The main agenda has the following points:
  1. Libraries Preserve the Past and Provide a Bridge to the Future
  2. Libraries Build and Strengthen Communities
  3. Libraries Support Lifelong Learning
  4. Libraries Create Information and Technology Literate Communities
  5. Libraries Encourage Economic Development
  6. Libraries Support Democracy
Why haven't we been getting more of this stuff from Burger and the ALA, instead of all the inanities from attacking the Boy Scouts to the Annoyed Librarian Corps to the videogaming revolution. This is more like it.

It's clear when reading the very brief elaborations on these points that someone was at least doing some thinking. This is not the same mindless rah-rah, libraries-as-entertainment-centers, lowest common denominator pseudo-philosophizing I've come to expect from ALA. This is serious stuff, kind of like Michael Gorman used to write before he became ALA President and made such an ass of himself.

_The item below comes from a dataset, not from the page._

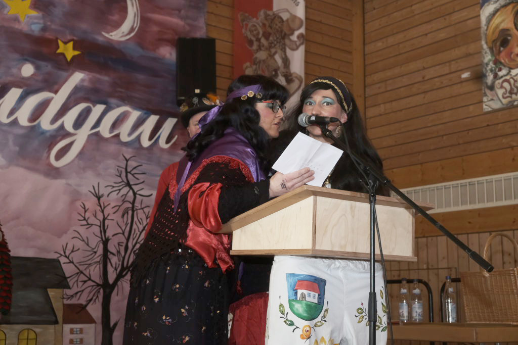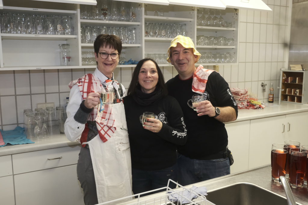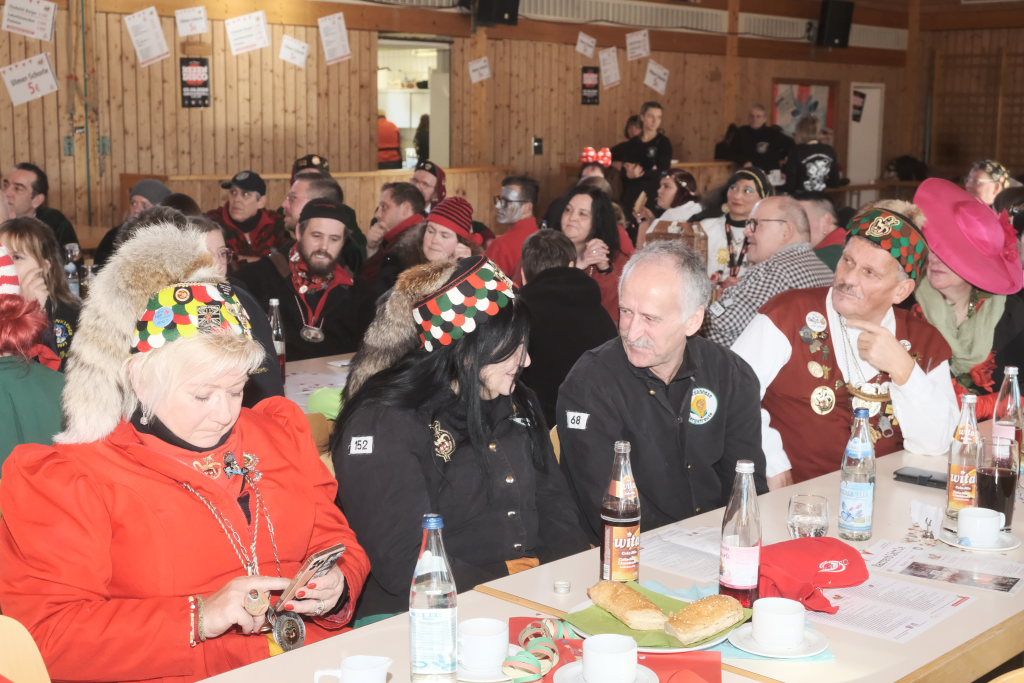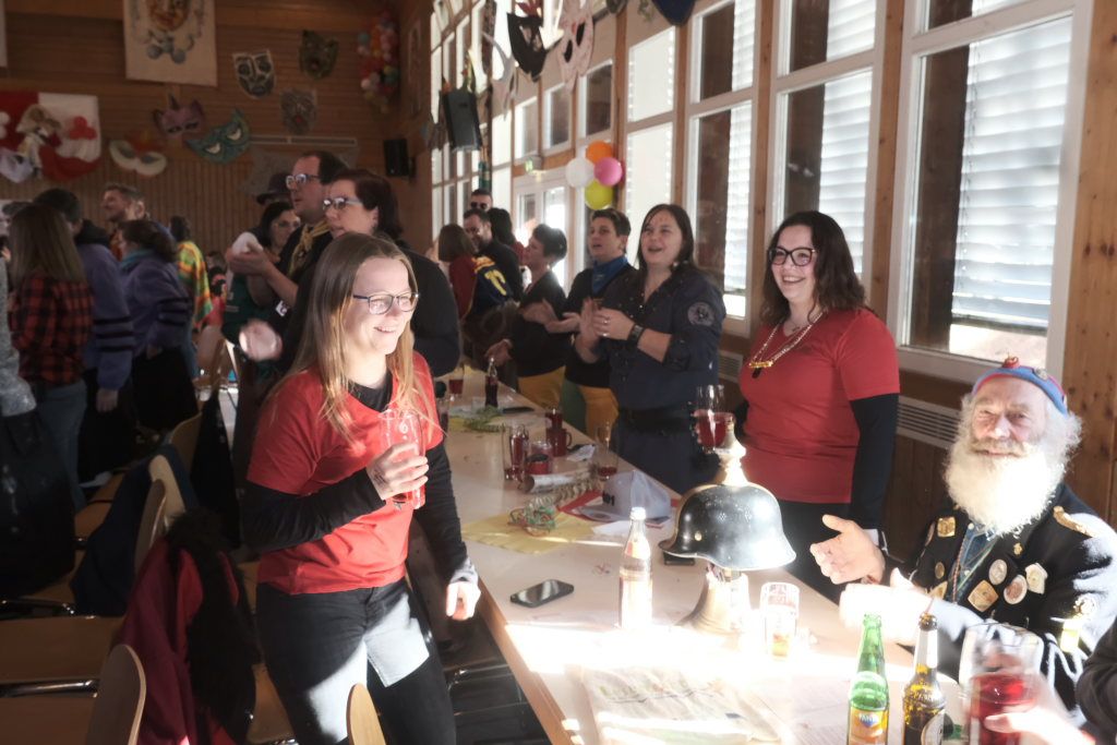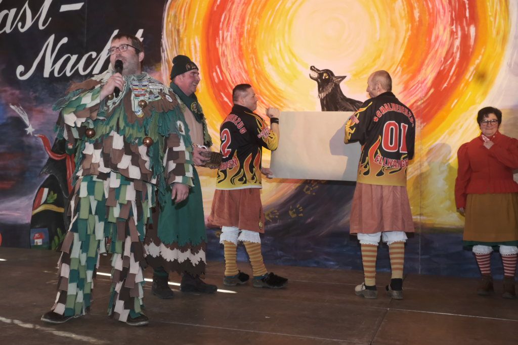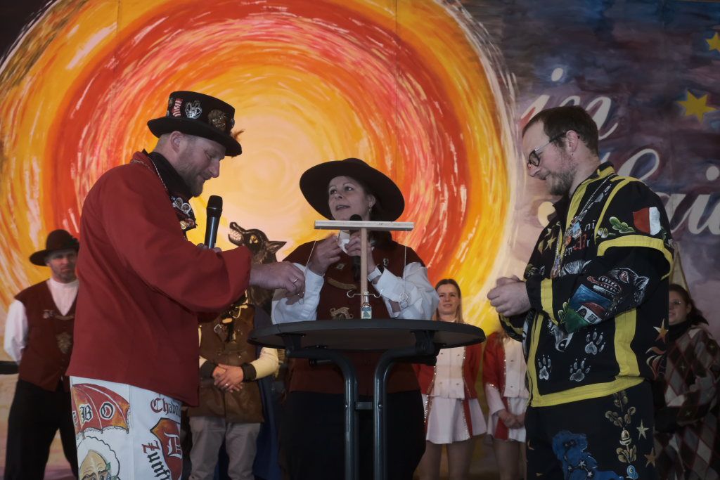 Um Sauberkeit bemüht, hatte die Hausherrin, Ortsvorsteherin Ernestina Frick, dem Zunftmeister einen Staubwedel mit Teleskopstiel als Gastgeschenk mit gebracht und mit den Gelächter im Saal hervorrufenden Worten: „So jetzt hoschd Du den längeren …als König Charles“ überreicht. Hintergrund: Seit einiger Zeit gibt es keinen Hausmeister für die Halle mehr.
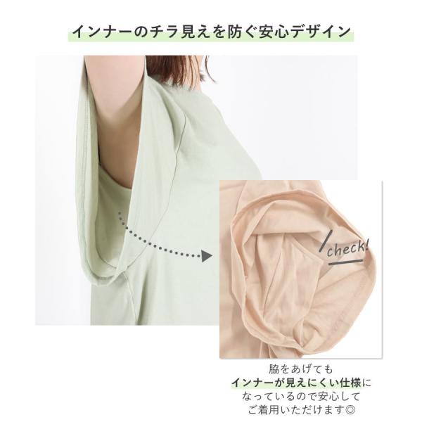 腕をあげてもインナーが見えにくいデザイントップス◎

According to the prefatory material, "The National Library Agenda is intended to:
  • Provide a broad framework for discussion and consensus building at the national, state and local level
  • Articulate a clear library agenda that resonates with the public
  • Enable us to provide a positive message for our legislative and other advocacy efforts
  • Provide a focus for advocacy initiatives over the next several years
To accomplish all of these goals, I think the National Library Agenda is the best thing that has come out of ALA in a long time. While the SRRT is dabbling in national politics and trying to press their political agenda on the ALA, the concocters of this Agenda were trying to come up with compelling arguments for why anyone should bother supporting libraries.

I never thought I'd say this, but the Annoyed Librarian supports the ALA on this one. Finally, good job. Let's hope it goes somewhere.

4 comments:

Anonymous said...

It all sounds very nice. I will wait and see if it actually translates into any substantial and practical action, or it just becomes another nice document that will eventually just gather dust.

AL said...

I suspect it will just gather dust, and I also wonder if libraries can live up to the document.

Anonymous said...

I have a problem with clauses like this: "High-speed broadband access to the resources on the World Wide Web using state-of-the-art technology"
Sometimes state-of-the-art is not always the best solution. And it doesn't give respect to ALA's own motto of "The best reading for the largest number, at the least cost." Least cost as in not throwing away tax dollars.

Anonymous said...

If there ever comes a day when the radicals in SRRT are marginalized and ALA focuses on only those issues within the scope of its mission, I'll become a member again. Until then, I will join other library associations that are more responsible to their members. And I won't hold my breath waiting for ALA to change:

--------------------
On 1/27/07, an ALA Councilor wrote to the ALA Council listserv:

Hi All,
As a charter member of SRRT and still a member, I applaud SRRT's
continuing effort to bring socially responsible issues to our attention.